EDIT: Obviously as you can see from my signature, Sandboxie is an integral and resident component to my security setup...but for the sake of arguing for a minimalistic/Windows protecting Windows setup, I'm pretending I do not use it.
POC of what? Malware using a hijacked process to do what it wants? I can probably find examples of that in the wild. I've actually considered writing a POC to bypass AE and maybe I will in a few weeks. It'll be a fun learning experience. I think there has to be at least one competent programmer on here, right? They can chime in and say what something can do when it controls the address space of a program.
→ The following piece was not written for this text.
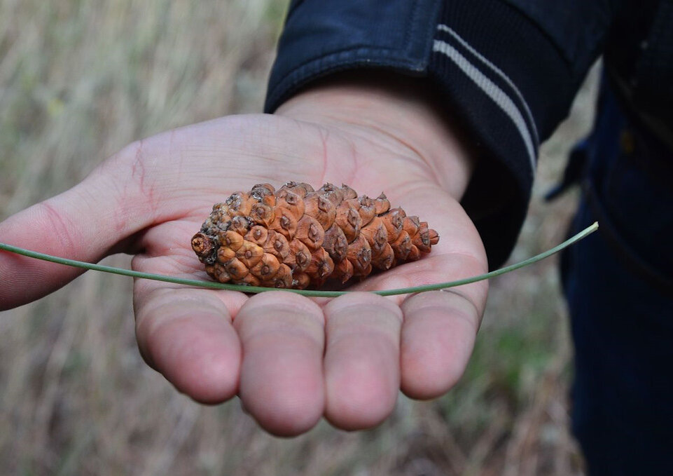 После бескрайних степей любой холм — уже гора. Поэтому Ставрополье поражает воображение любителей пейзажей, возвращающихся из Калмыкии. Кое-где это просто холмы, а кое-где даже лесистые склоны. В одно такое место мы и направились. Мимо села Бешпагир, в необычную рощу. В 30е годы для укрепления песков на холме высажены саженцы крымской сосны. Её отличие от обычной сразу бросается в глаза — длина иголок около 15 см, с ладонь взрослого человека, шишки же небольшие, по форме напоминающие кедровые.
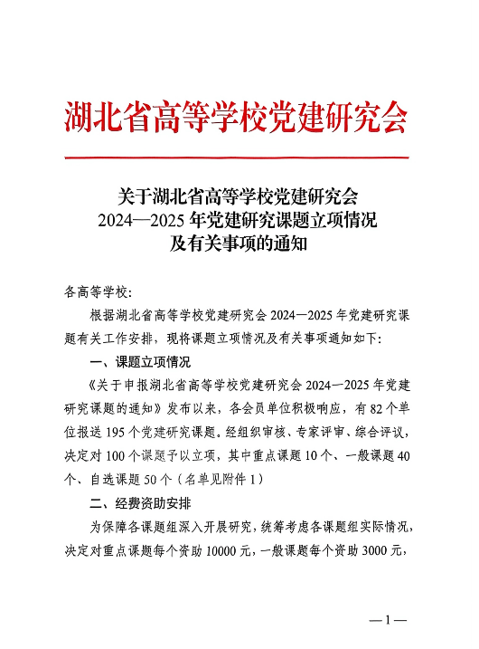 【喜讯】我校获批2024-2025年湖北省高等学校党建研究课题立项1项

The answer should be "anything that the program can do" but I'm not a competent programmer. edit: Checked with a professional programmer and he agrees.
Remember that all of these are possible on Windows.
1) IPC in general (duh)
2) Starting processes under another UID
3) Creating threads in other processes
4) (reflective) DLL injection
And probably a lot of other things I'm not remembering right now that look a lot like holes.
POC of bypassing an AE by means of
1. Hijacking a trusted executable
2. Memory only execution
3. Admin elevation exploit to turn SRP off
Until then it's all speculation based on theory which is really still speculation other than # 1.
This thread has really come down to
Side A: AEs provide far better protection than many other commonly used security methods by design save for a few exceptions such as user error
Side B: AEs currently are good but can trivially be rendered next to worthless when they become popular
Oh...and Side C: aka "The Productist". These are the people that insist you need to buy or install some product to protect your computer because Windows is innately incapable of protecting itself at all.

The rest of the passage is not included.